Solving equations in algebra involves finding the values for the variables that make an equation true. In our given exercise, we have the equation \(x^{2/3} - y^{2/3} - 2y = 2\). This is a type of equation where we attempt to find values for \(x\) and \(y\) such that both sides of the equation are equal.

The key is to simplify the equation appropriately and test whether a given set of numbers, in this case, \((1, -1)\), satisfies the equation. Solving equations often involves:

• Identifying the type of equation.
• Simplifying to make the equation easier to work with.
• Substitution of possible values to verify solutions.

Once the equation is simplified, you check your results to ensure accuracy, ensuring the solutions maintain the intended equality.

The substitution method is a popular technique used in algebra to solve systems of equations or verify potential solutions. In the given problem \((1, -1)\) was substituted directly into the equation \(x^{2/3} - y^{2/3} - 2y = 2\).
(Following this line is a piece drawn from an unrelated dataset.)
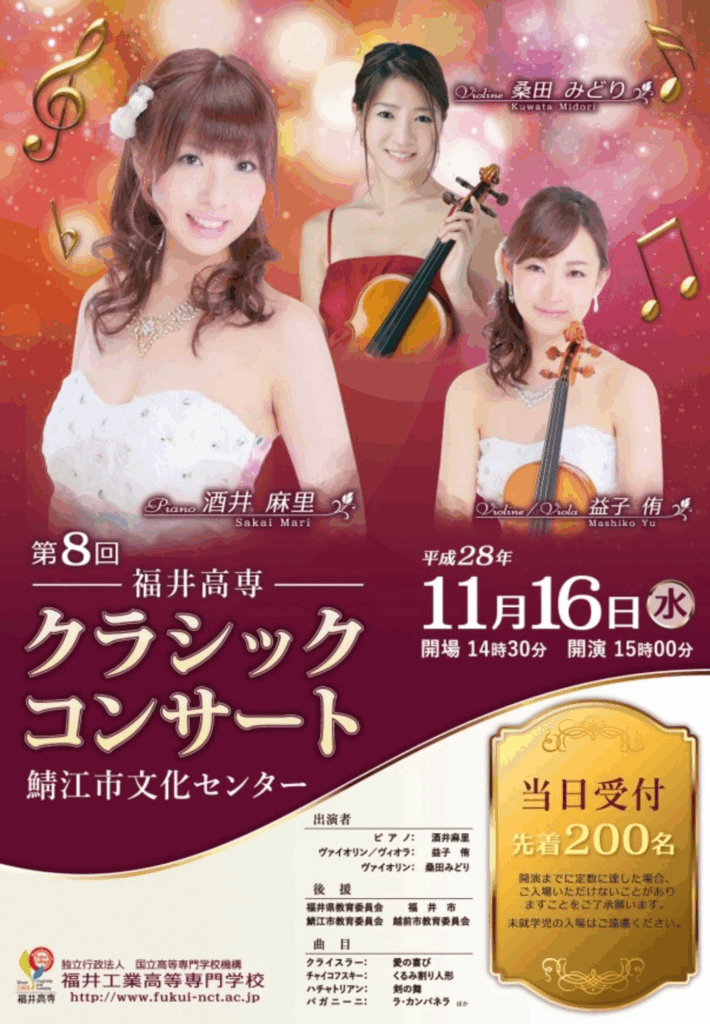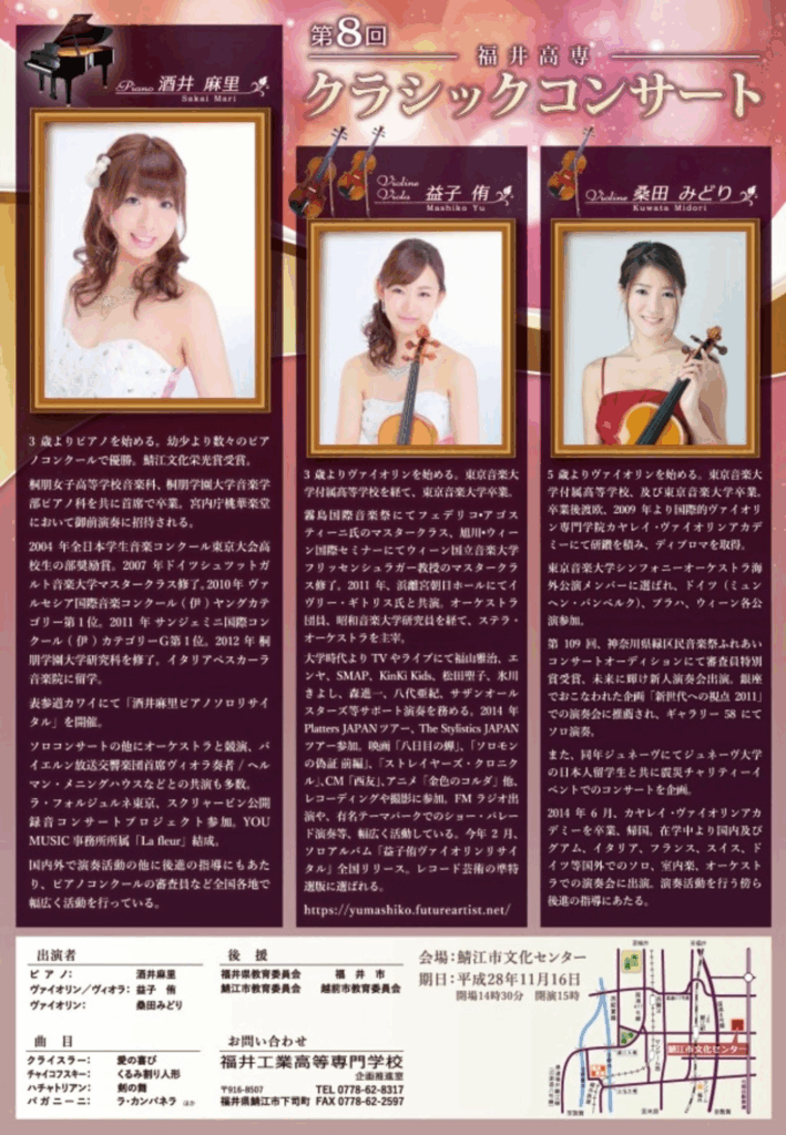 クラシックコンサート in 鯖江。この日はヴィオラも演奏します。

By plugging \(x = 1\) and \(y = -1\) into the equation, we can see how these numbers interact within the equation.

Substitution effectively turns an algebraic equation into an arithmetic problem:

• Find the expression or equation that needs solving, like \(x^{2/3} - y^{2/3} - 2y = 2\).
• Insert the known values into the equation: \(x = 1\) and \(y = -1\).
• Simplify the equation by performing the necessary arithmetic operations.

In this exercise, this involved simplifying \(1^{2/3} = 1\), \((-1)^{2/3} = 1\), and \(-2(-1) = 2\), making it easier to evaluate whether the point satisfies the equation.

Verification is a crucial step in algebra, ensuring the solution found is correct. In this exercise, after substituting \(x = 1\) and \(y = -1\) into the equation \(x^{2/3} - y^{2/3} - 2y = 2\), we simplify and check if the left-hand side equals the right-hand side:

- Substituting the known values and simplifying, we got \(1 - 1 + 2 = 2\).
- This result, \(2 = 2\), confirms the point \(1, -1\) is indeed a solution.

Verification includes checking all arithmetic steps to confirm that they contribute correctly to the solution:

• Calculate each term with given values carefully.
• Ensure the simplified expression maintains equality with the original equation's constraints.
• Review calculations to avoid errors.

This step not only assures you of the solution's correctness but also helps reinforce understanding of the algebraic process.